When the PB-II feature amount data “area ratio is 45:55” and “10% deviation on the ventral side” is input to the control unit of the rice mill (rice milling step S), the control unit displays “flat shape”. Has been decided to polish the rice to "Plate-shaped" and "Rice milling ratio is 52.8%". Furthermore, the control unit selects a rice mill with a grindstone particle size of 40 mesh from a plurality of rice mills, and sets the peripheral speed to 400 (m / min) and the pressure to 80 (gf / cm ² ) to start flat rice milling. It was.
After flat rice polishing, PB-I and PB-II of the protein body type of rice storage protein are labeled again by antigen-antibody reaction and microscopically observed, the result is a low protein rice from which PB-II has been removed in a high ratio It was.
【The invention's effect】
[0038]
As described above, according to the present invention, among the protein body types of storage proteins contained in cereals, PB-I and PB-II are labeled by an antigen-antibody reaction, and a label for observing PB-I and PB-II Step, an image processing step for calculating the proportion of the PB-I and PB-II and the uneven distribution position of the image labeled by the labeling step, and the PB-I and PB calculated by the image processing step -II occupies and the uneven distribution position determines the shape of the flat milling and the percentage of polished rice, and selects the grain of the milling mill, controls the peripheral speed and pressure according to the shape of the flat milling, and is included in the grain And a scouring step for removing PB-II from the stored protein at a high ratio, so that the ratio of PB-I and PB-II and the ratio of PB-II in the labeling step and the image processing step Calculating a localized position, so that the grain of the flat pearling is performed using the feature amount data of the PB-II. Therefore, compared with the conventional method of improving the rice milling rate and reducing the protein of rice based on the intuition and experience of the operator, the shape data and the rice milling rate data of flat rice are determined and the rice milling machine is controlled. Therefore, it becomes possible to remove excessive protein at a high ratio by preventing excessive sperm and insufficient sperm.
[0039]
The labeling step includes a thin-section preparation step for preparing a grain sample into a specimen for a microscope, and the specimen sample obtained in the thin-section preparation step is stained by staining PB-I and PB-II with an antibody. And a microscopic observation step of observing PB-I and PB-II stained and labeled by the antigen-antibody reaction step with a fluorescence microscope. As a result of observation, PB-I and PB-II are clearly labeled by color.
[0040]
The image processing step includes an image capturing step for capturing the image labeled in the labeling step, an image recording step for recording a plurality of images captured in the image capturing step, and a storage in the image recording step. An image processing step for performing two-dimensional imaging processing or three-dimensional imaging processing from a plurality of obtained images, and an area or volume occupied by PB-I and PB-II of storage proteins contained in the grain in the image processing step And a PB-II feature amount calculating step for calculating the uneven distribution position of PB-II in the rice grain, so that the amount of PB-II to be removed is calculated in more detail using a three-dimensional image. In addition, when a two-dimensional image is selected, the amount of processing to a computer is small and processing in a short time is possible.
[0041]
Furthermore, the proportion of PB-II in which digestible glutelin is accumulated from the storage protein contained in cereal and the uneven distribution position thereof are calculated, and obtained by removing PB-II from the storage protein in a high ratio by flat rice. Since it is a low protein grain, unnecessary protein is removed and the problem of poor nutritional balance can be solved.

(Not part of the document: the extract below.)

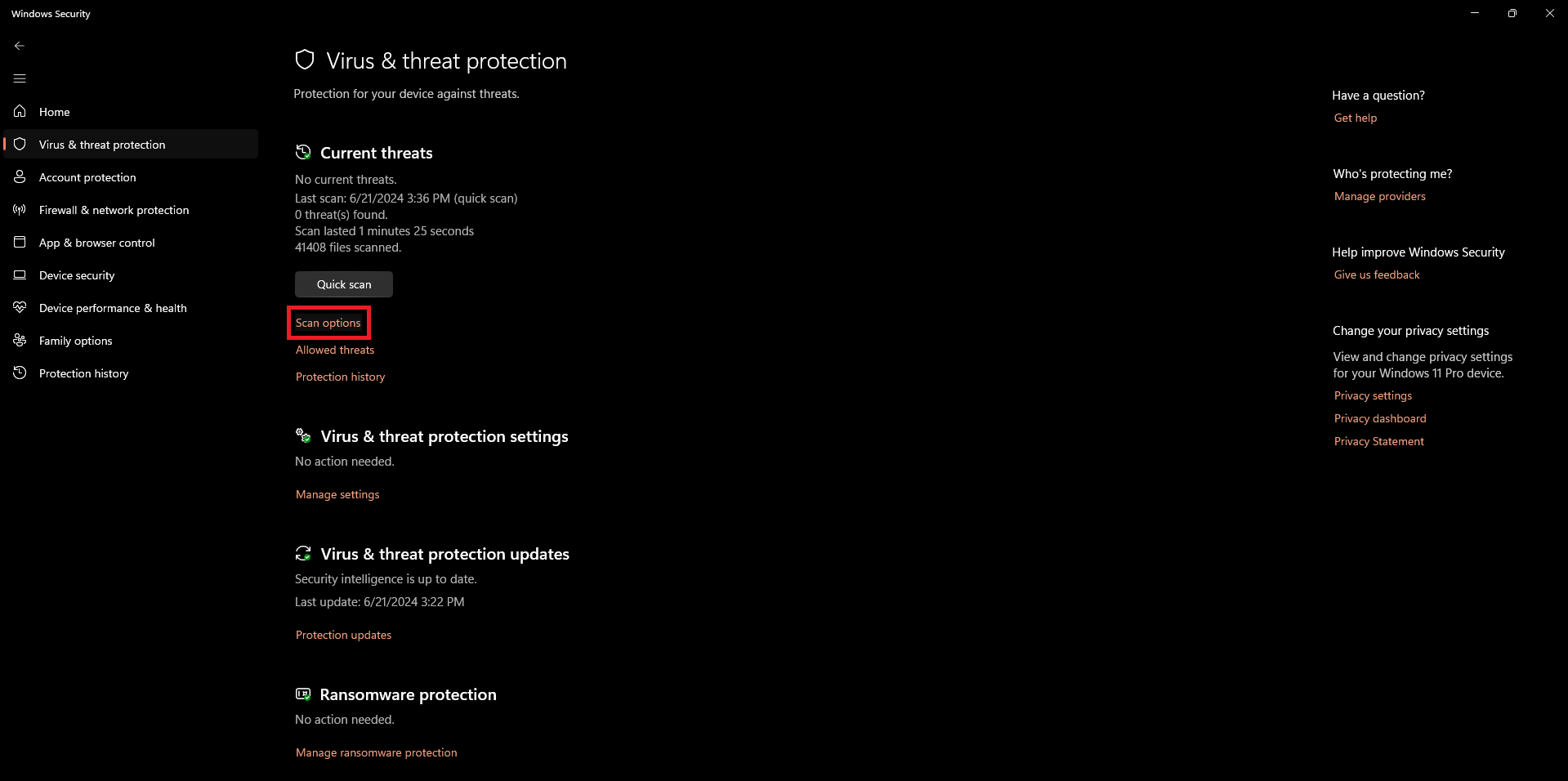 An overlooked suspect in the “Kernel Security Check Failure” BSOD is viruses. While viruses do not mostly intend to disrupt your evening with an unwanted crash, they may indirectly cause this issue. Hence, it is always a good idea to perform a thorough scan of your computer. You may use Windows Defender or any other antivirus for this purpose.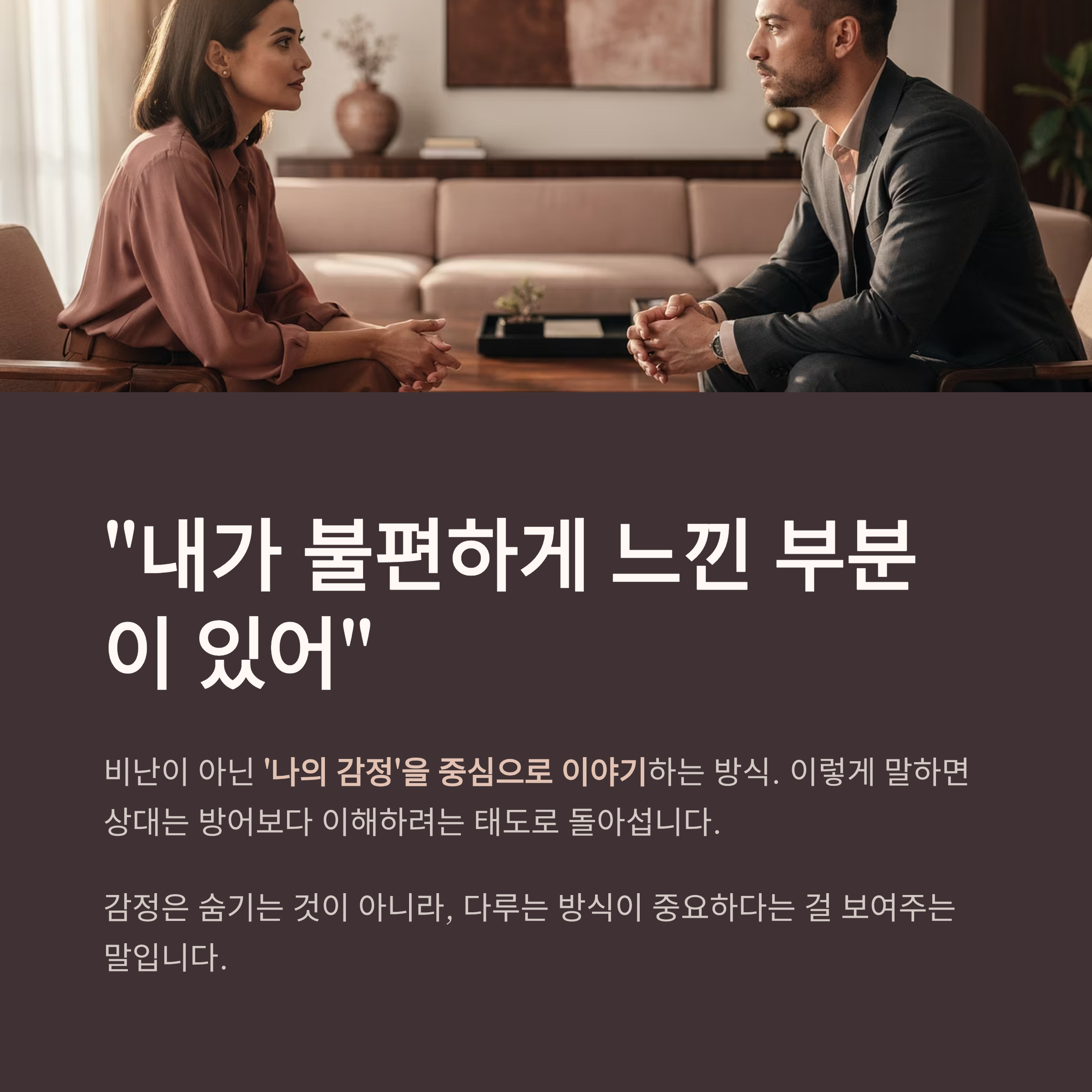 이 말은 감정의 책임을 자신이 짊어지는 방식으로, 관계에 미치는 불필요한 피해를 줄입니다.

[Brief description of the drawings]
FIG. 1 is a block diagram showing a method for producing low protein rice of the present invention.
FIG. 2 is a schematic view showing the internal structure of brown rice.
FIG. 3 is a process diagram for sampling a sample.
FIG. 4 is a perspective view showing a schematic structure of a sliding microtome.
FIG. 5 is a schematic view showing the inside of an antigen-antibody reaction container.
6 is a perspective view showing an image input device in an image processing step G. FIG.
FIG. 7 is an explanatory diagram when a three-dimensional image is created.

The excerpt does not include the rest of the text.